Academic interview questions are an essential part of the hiring…
Academic interview questions are an essential part of the hiring process for any college or university.
They help assess candidates’ qualifications, communication ability, and teaching style. While there is no exact way to write academic questions, some general guidelines can be followed to ensure they are effective.
Read on for tips on writing academic interview questions that will aid you in finding suitable candidates for the job!
Steps to Writing Academic Interview Questions
1. Start With the Basics.
When writing the interview questions, ask about a candidate’s educational background, teaching experience, and research interests. This will give you a good sense of their qualifications and whether they fit the position.
2. Make Sure the Questions Are Relevant to the Job.
While you want to get to know the candidate, the interview questions should focus on the job they will be doing. Ask about their teaching methods, what courses they would be interested in teaching, and how they would handle a student struggling in class.

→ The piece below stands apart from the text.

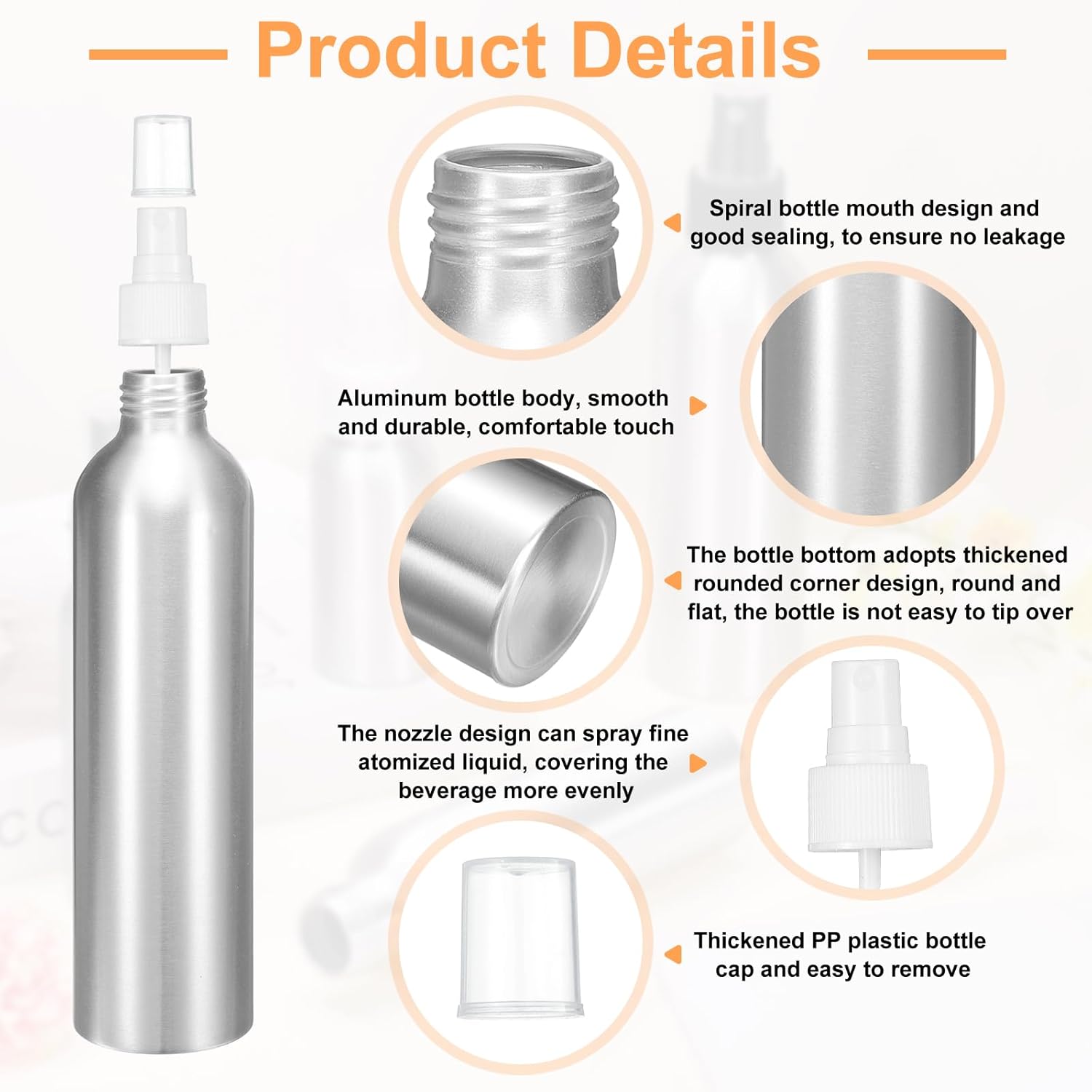 - Applications - This metal refillable container is widely used in kitchens, bathrooms, offices, travel vacations, etc., and can be used to store floral water, perfume, spray, essential oils, air freshener, toner, etc
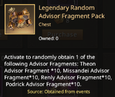 - Legendary Random Advisor Fragment Pack - gives 10 fragments of one of the same Legendary Advisors at random.

3. Avoid Personal Questions.
While you may be interested in the candidate’s hobbies or personal life, these questions are best saved after the job offer. Stick to questions that will help you assess their job ability.
4. Be Prepared to Follow Up.
If a candidate gives a vague answer to one of your interview questions, be ready to ask a follow-up question. This will help you get more specific information from the candidate and ensure they give thoughtful responses.
5. Keep an Open Mind.
It’s important to remember that only some candidates will be a perfect fit for the job. Be open to the possibility that someone who is not your first choice may still be a great professor.
Tips to Keep in Mind
Professors work by performing academic research, teaching, and serving on various committees. In addition to spending less time in the classroom, they may devote their energy to conducting fieldwork and publishing articles. These people can serve as supervisors, provide curriculum and recruitment advice, and develop policies.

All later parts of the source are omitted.